US export copper scrap spreads tightened across most grades this past week as suppliers await the return of Asian demand.
The Davis Index weekly spread for export #2 copper (birch/cliff) narrowed by 2.2¢/lb to 45.8¢/lb under the next active Comex contract. And the spread for bare bright (barley) tightened by 2.1¢/lb to 9.9¢/lb under Comex.
The next active Comex contract settled at $3.58/lb on Wednesday, slightly above $3.55/lb on Jan 27.
Tightening spreads and a stable Comex meant that transaction prices for both grades rose on a weekly basis. #2 copper rose by 3.8¢/lb to $3.108/lb fas on Wednesday. Bare bright (barley) increased by 3.7¢/lb to $3.467/lb fas US port.

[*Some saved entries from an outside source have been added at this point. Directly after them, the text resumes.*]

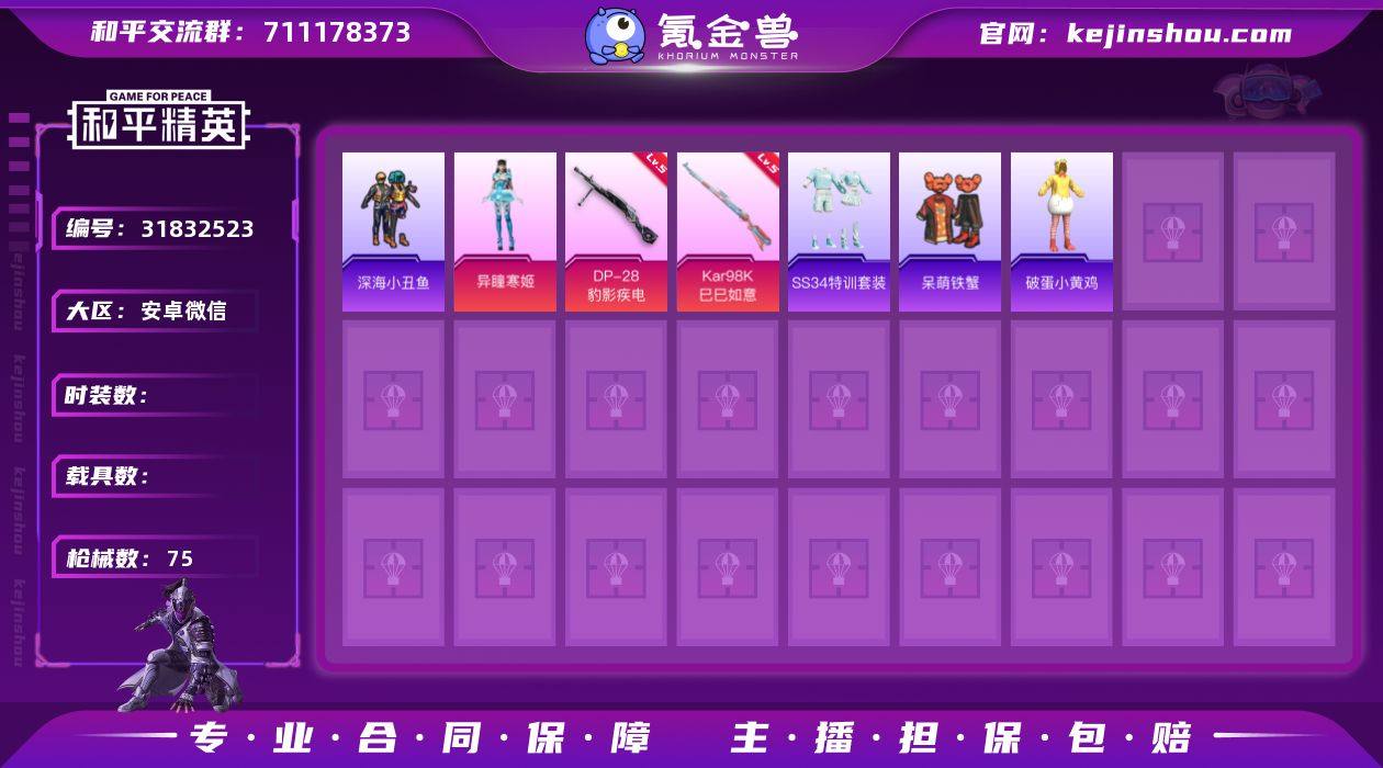 安卓微信 可二次 1粉装4特效枪48套装75枪皮 异瞳寒姬 Kar98K-巳巳如意(5级) DP-28-豹影疾电(5级) Mk14-福马献瑞(5级) UMP45-萌骑冒险(4级) 深海小丑鱼背包 呆萌铁蟹 深海小丑鱼 破蛋小黄鸡 和平精英账号
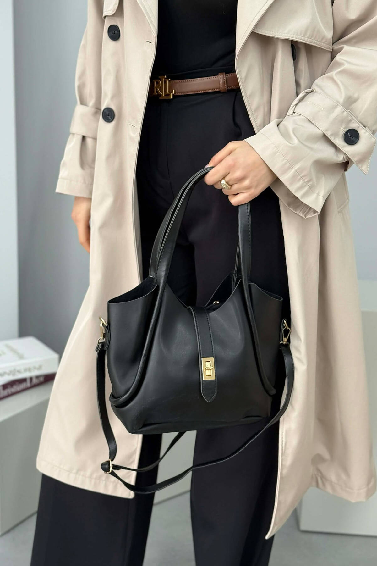 ONE COLOR LEATHER SIMPLE WOMEN BAG BLACK/ E ZEZE
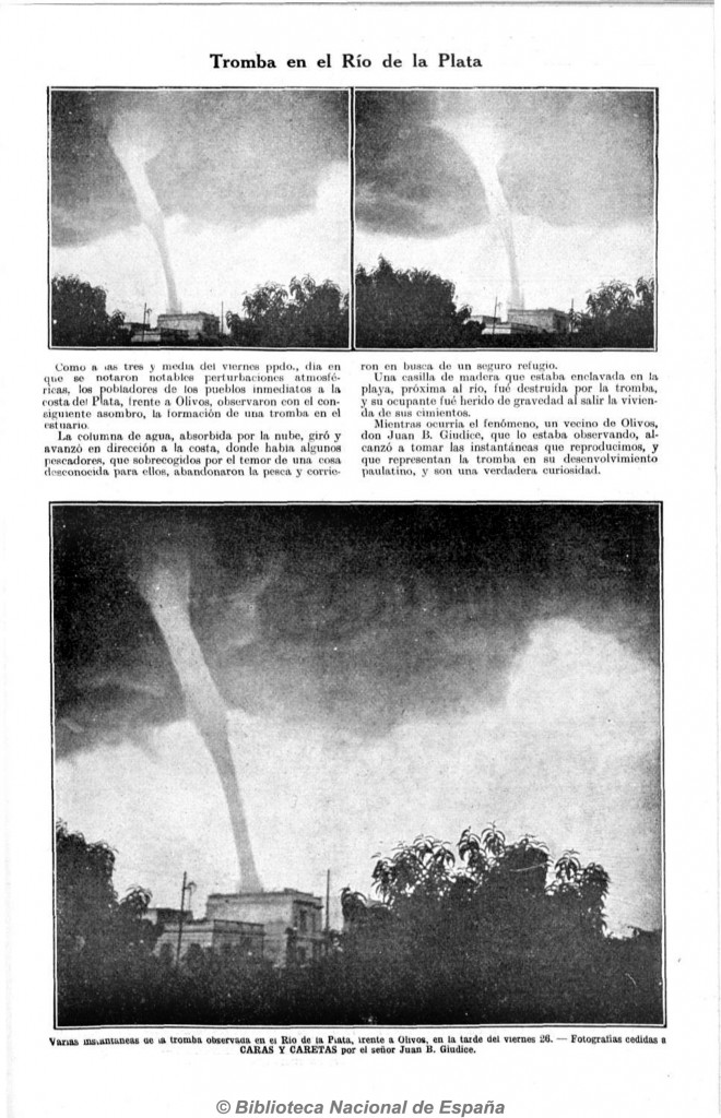 Fotografías proporcionadas a la revista Caras y Caretas por Juan B. Giudice, vecino de Olivos, documentan la tromba en el Río de la Plata.
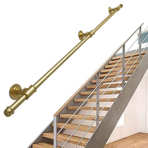 Corrimano Per Interni Gradini Esterni Maniglione 1 2 3 4 5 6 Metri,Ringhiera Per Scale Kit di Supporto Per Corrimano di Sicurezza Montaggio A Parete Metallo Ferro Battuto Oro S/13.1Ft/400Cm
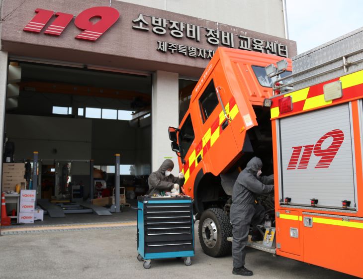 제주소방안전본부 소방장비정비교육센터는 24시간 상시 정비시스템을 운영해 출동공백 제로화를 추진하고 있다. 사진=제주소방안전본부 제공
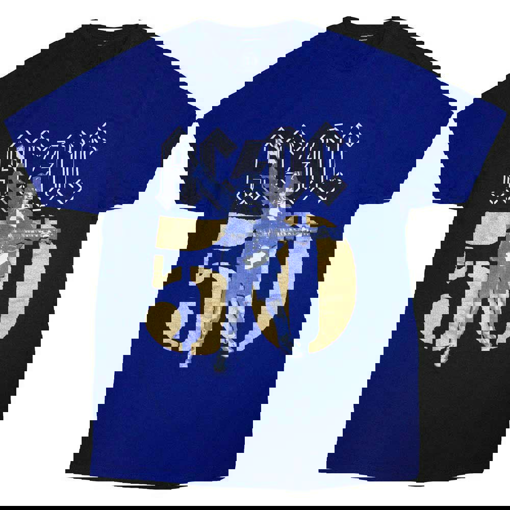 Official licensed AC/DC Unisex T-Shirt featuring the 'Gold Fifty' design motif. High quality T-Shirt available in a blue colourway. High quality soft-style cotton unisex t-shirt featuring front printing. Comes in a wide range of sizes from Small through XX-Large, subject to availability.
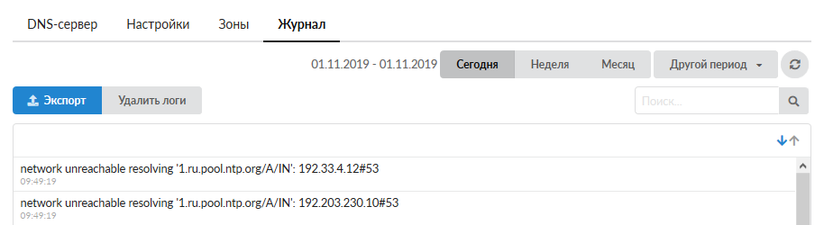 В закладке «Журнал» находится сводка всех системных сообщений от DNS-сервера. Журнал разделен на страницы, кнопками «вперед» и «назад» вы можете переходить со страницы на страницу, либо ввести номер страницы в поле и переключиться сразу на нее.
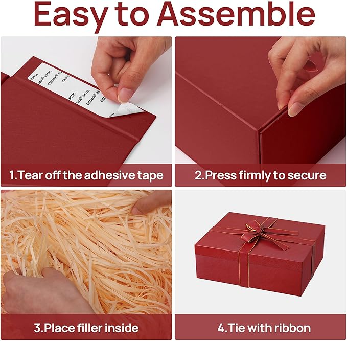 - Easy to Assemble: Before assemble, please check our instruction steps. Just peel off the white tapes at the four corners, open the sides of the large gift box, and press them together for 15s to secure. The gift box will then be firm and ready to use.
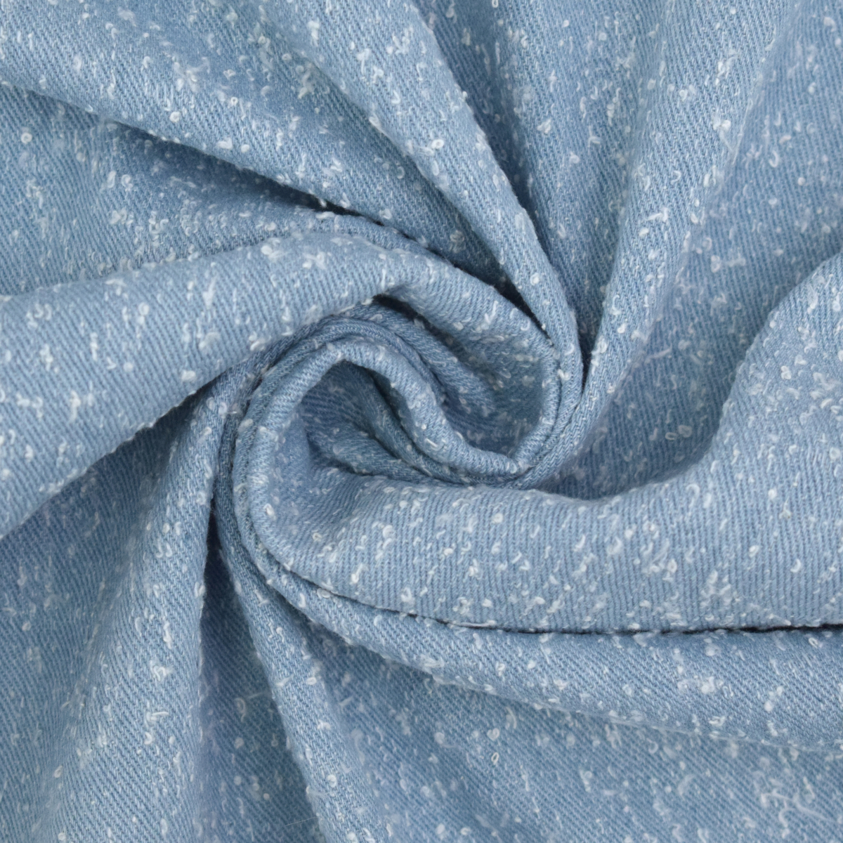 Dieser Jeansstoff mit einer außergewöhnlichen Struktur, die sich durch erhabene Knötchen auf der rechten Seite des Stoffes zeigt, eignet sich ideal für modische Bekleidung wie Jacken, Blazer oder auch für praktische Taschen oder Rucksäcke im angesagtem Denim-Look!
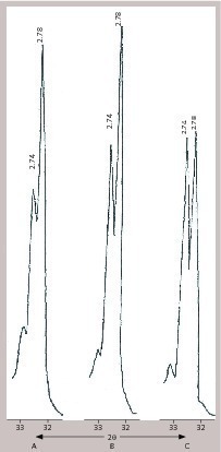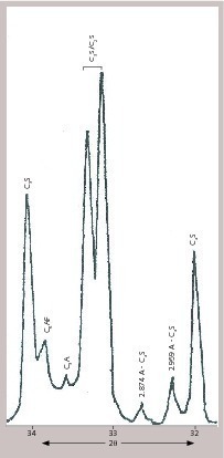 Recently attempts have also been made to utilize XRD for quality control in the cement manufacturing process. Free CaO content in the cement clinker is still regarded as an index of clinker quality. A very rapid estimation of free CaO in clinker by XRD is possible [3] and quite a number of cement plants are known to adopt this method [4]. Aldridge [5] used XRD for quantitative estimation of cement phases for prediction of cement strength applying the equation earlier formulated by Alexander [6]. Beilmann and Bruggemann have developed a method for on-line determination of clinker phases using XRD, which can be incorporated into the POLAB system for cement quality control [7].
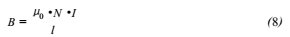 其中,μ0為真空磁導(dǎo)率,N為傳感器線圈匝數(shù),I為流過線圈的電流,l為線圈的長度。
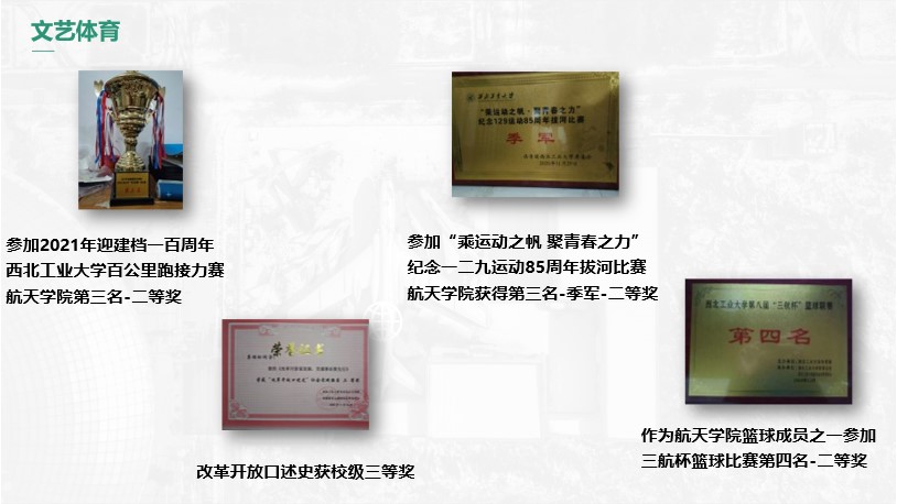 所获荣誉:学分积排名18/262,综合测评排名20/262。社会服务方面,曾担任班级文体委员,组织班级在大类的小班篮球赛中获得第四名的成绩;参与图书馆志愿服务,获得优秀志愿者称号,志愿时长累计78小时。文艺体育方面,作为成员参加2021年建党一百周年百公里接力跑,公司获得第三名;参加“乘运动之帆 聚青春之力”纪念一二九运动85周年拔河比赛,公司获得第三名;参加三航杯篮球比赛,公司获得第四名。校园活动方面,曾获“四史”答题竞赛一等奖、火箭放飞大赛二等奖、党史竞赛二等奖、“鸡蛋撞地球”二等奖等。学科竞赛方面,获得全国老员工数学竞赛一等奖、“互联网+”校赛三等奖等。
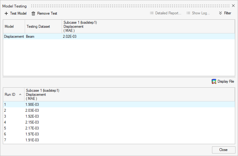 In the Model Testing dialog, select Displacement, and click Display File to view the results in the modeling window.

Still, the Davis Index spread for #1 copper wire and tube (berry/candy) widened by 1.1¢/lb to 23¢/lb under the next active Comex, with Wednesday’s transaction price unchanged from the prior week at $3.33/lb fas US port.
Market participants expect a diminished export activity for at least another week as exporters await cues from Asian markets, especially China, which is likely to resume imports after the Lunar New Year holiday than eds mid=month.
With India reducing import duties on copper scrap this week to 2.5pc from 5pc previously, this market is gaining interest from exporters who are looking to diversify their destinations since China has become stricter about its imported scrap classifications.